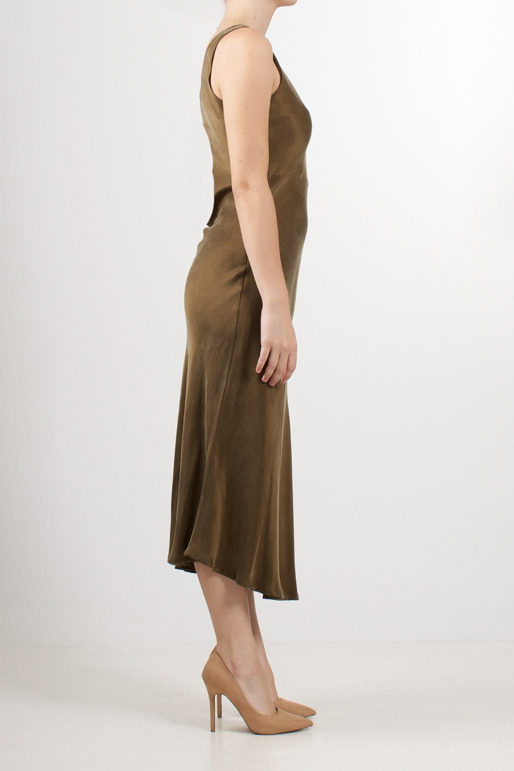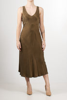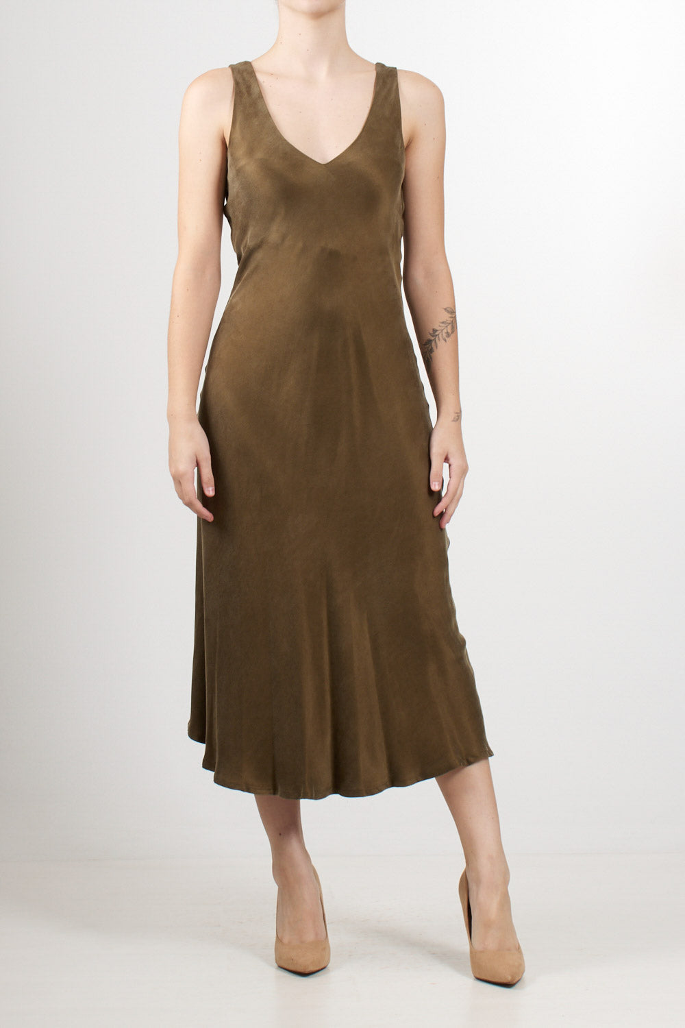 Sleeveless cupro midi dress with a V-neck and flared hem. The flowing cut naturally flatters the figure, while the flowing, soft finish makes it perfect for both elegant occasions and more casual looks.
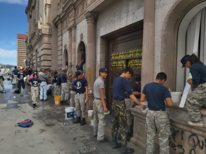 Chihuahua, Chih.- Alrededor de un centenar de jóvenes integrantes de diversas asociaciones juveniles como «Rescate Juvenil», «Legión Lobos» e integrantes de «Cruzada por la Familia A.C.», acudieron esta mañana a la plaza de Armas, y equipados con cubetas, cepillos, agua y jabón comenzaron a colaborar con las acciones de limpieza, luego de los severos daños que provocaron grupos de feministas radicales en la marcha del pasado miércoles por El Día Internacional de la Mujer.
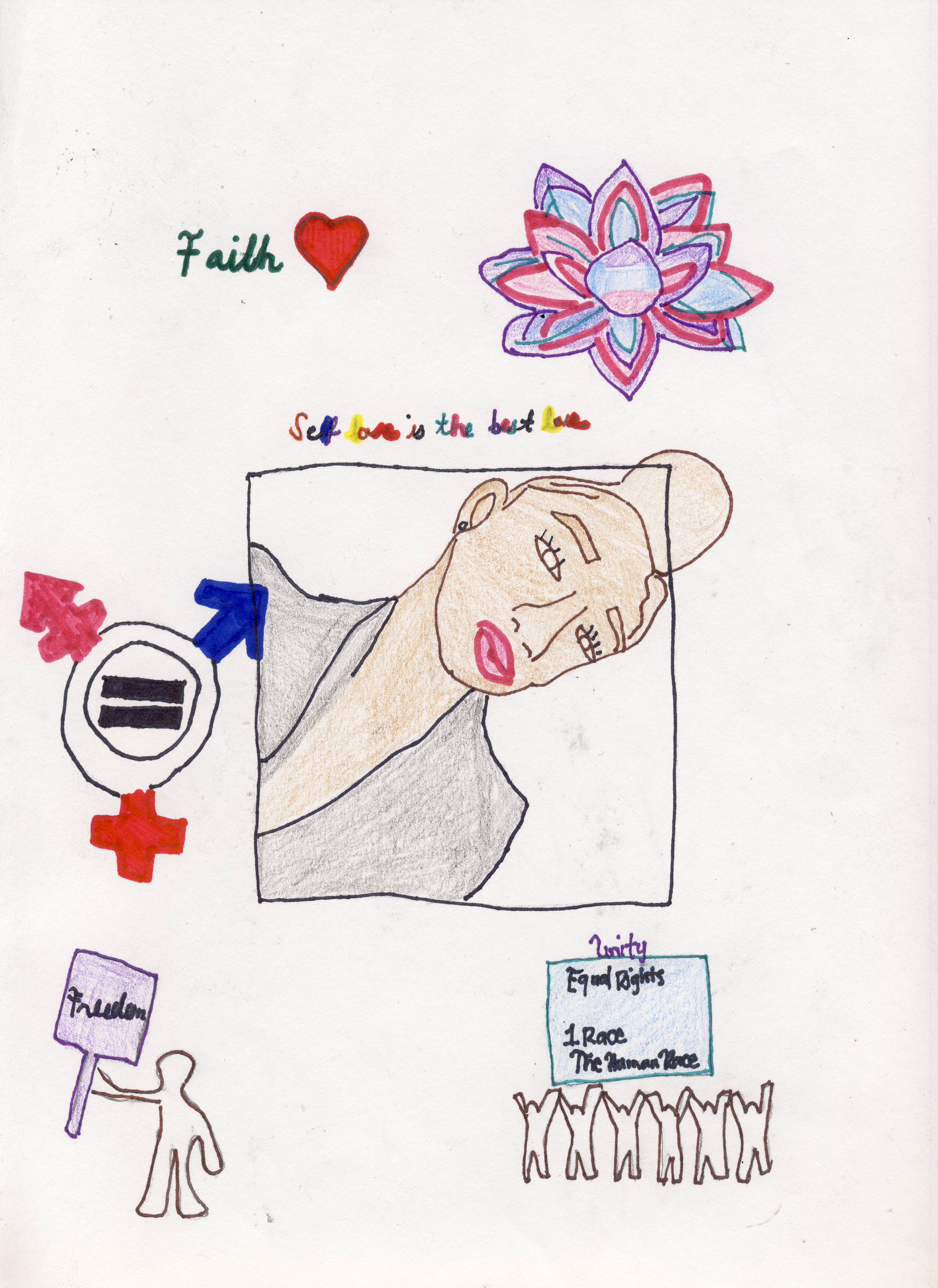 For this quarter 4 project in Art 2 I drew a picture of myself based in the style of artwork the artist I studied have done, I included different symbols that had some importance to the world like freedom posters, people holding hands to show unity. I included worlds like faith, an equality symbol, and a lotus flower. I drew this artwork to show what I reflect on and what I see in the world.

PROBLEM -> The answer is the full listing above, repeated exactly, with its pictures removed.

WRITTEN REPLY ->
 Sleeveless cupro midi dress with a V-neck and flared hem. The flowing cut naturally flatters the figure, while the flowing, soft finish makes it perfect for both elegant occasions and more casual looks.
 Chihuahua, Chih.- Alrededor de un centenar de jóvenes integrantes de diversas asociaciones juveniles como «Rescate Juvenil», «Legión Lobos» e integrantes de «Cruzada por la Familia A.C.», acudieron esta mañana a la plaza de Armas, y equipados con cubetas, cepillos, agua y jabón comenzaron a colaborar con las acciones de limpieza, luego de los severos daños que provocaron grupos de feministas radicales en la marcha del pasado miércoles por El Día Internacional de la Mujer.
 For this quarter 4 project in Art 2 I drew a picture of myself based in the style of artwork the artist I studied have done, I included different symbols that had some importance to the world like freedom posters, people holding hands to show unity. I included worlds like faith, an equality symbol, and a lotus flower. I drew this artwork to show what I reflect on and what I see in the world.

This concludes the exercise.